Again, there are hardware HTTP redirectors and load-balancers, but redirection and load balancing can also be done effectively in software. By adding redirection logic to Squid through something like SquidGuard (http://www.squidguard.org), you can do a number of things to improve performance.

Figure 13-3 shows how a redirector can load-balance requests either over multiple backend web servers or across separate Apache instances running on different ports on the same server.

Figure 13-3. Load balancing with SquidGuard

13.5.5.3. MySQL replication

Sometimes the database server is the bottleneck—many simultaneous queries can bog down a database server, resulting in sluggish performance. Replication is the solution. Take everything that happens to one database and quickly bring one or more other databases in sync, so you end up with multiple identical databases. This lets you spread your queries across many database servers instead of loading down only one.

The most effective model is to use one-way replication, where you have a single master database that gets replicated to a number of slave databases. All database writes go to the master server, and database reads are load-balanced across multiple slave databases. This technique is aimed at architectures that do a lot more reads than writes.
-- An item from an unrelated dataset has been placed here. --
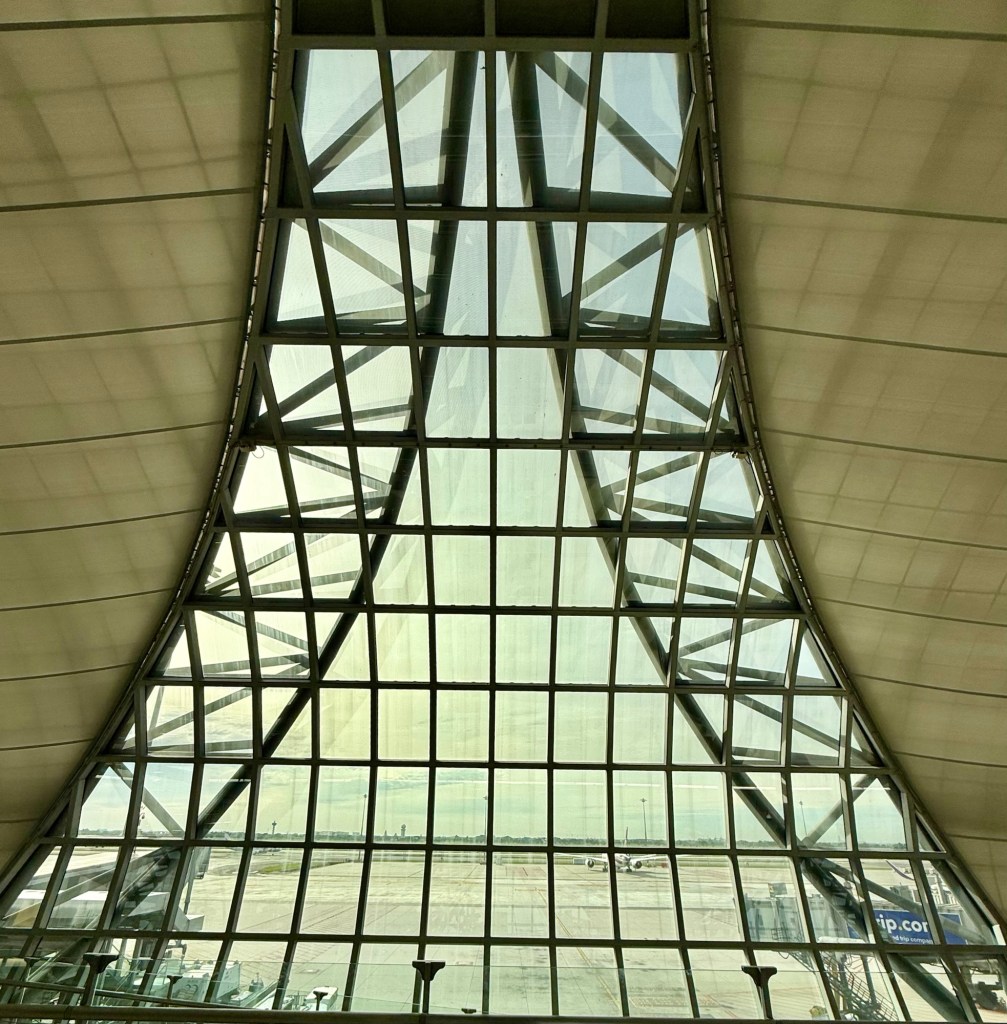 Even the windows are interesting in airports! It’s hard to see the scale of this in this photo but it is at least three stories high. It echoes a sense of flight in the shape and pattern of the windows. Very effective.

Most web applications fit this scenario nicely.

Figure 13-4 shows the relationship between the master and slave databases during replication.
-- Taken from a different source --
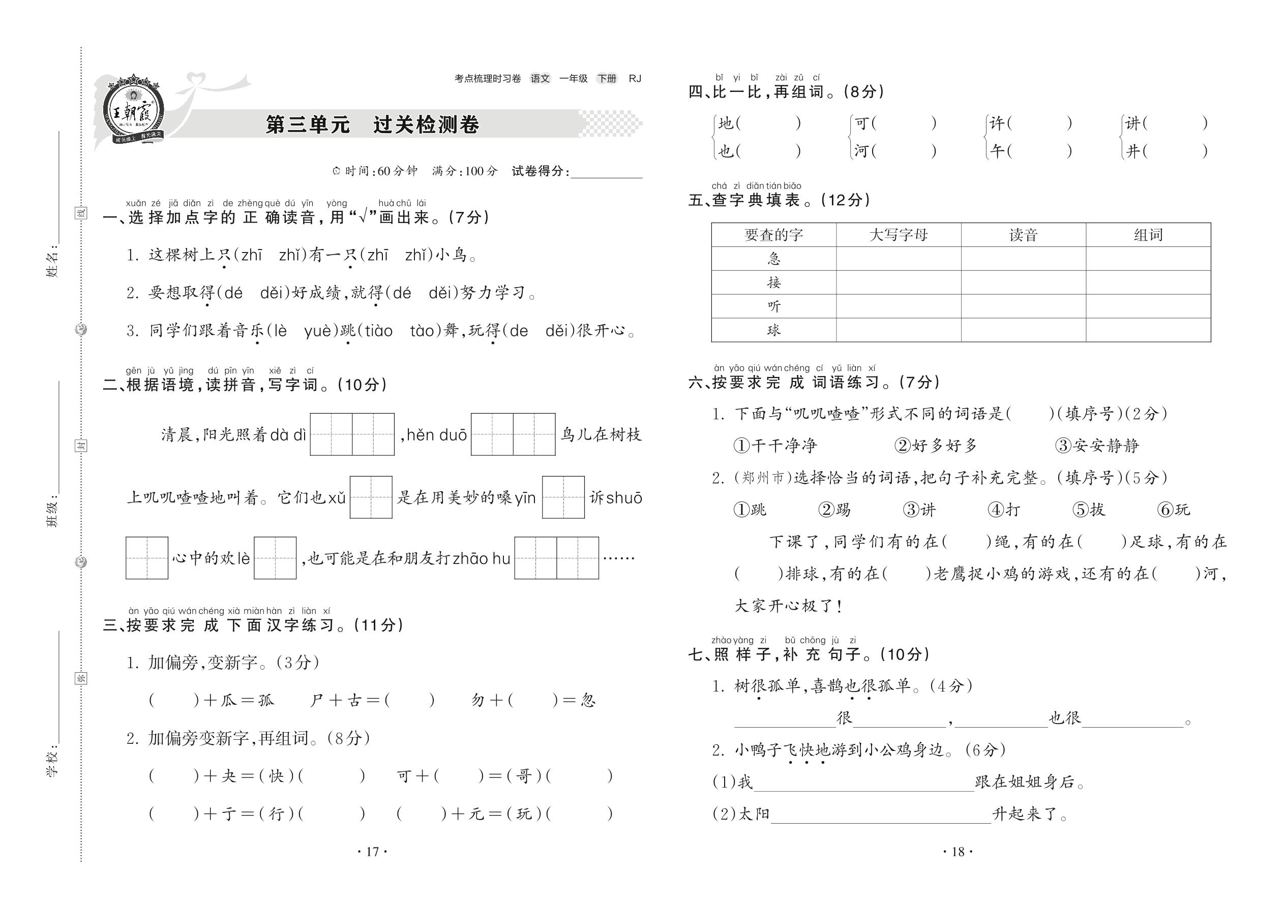 2022下册一年级语文人教版 第三单元 过关检测卷

Figure 13-4. Database replication

Many databases support replication, including MySQL, PostgreSQL, and Oracle.

13.5.5.4. Putting it all together

For a really high-powered architecture, pull all these concepts together into something like the configuration shown in Figure 13-5.

Figure 13-5. Putting it all together

Using five separate machines—one for the reverse proxy and redirector, three web servers, and one master database server—this architecture can handle a huge number of requests. The exact number depends only on the two bottlenecks—the single Squid proxy and the single master database server. With a bit of creativity, either or both of these could be split across multiple servers as well, but as it is, if your application is somewhat cachable and heavy on database reads, this is a nice approach.

Each Apache server gets its own read-only MySQL database, so all read requests from your PHP scripts go over a Unix-domain local socket to a dedicated MySQL instance. You can add as many of these Apache/PHP/MySQL servers as you need under this framework. Any database writes from your PHP applications will go over a TCP socket to the master MySQL server.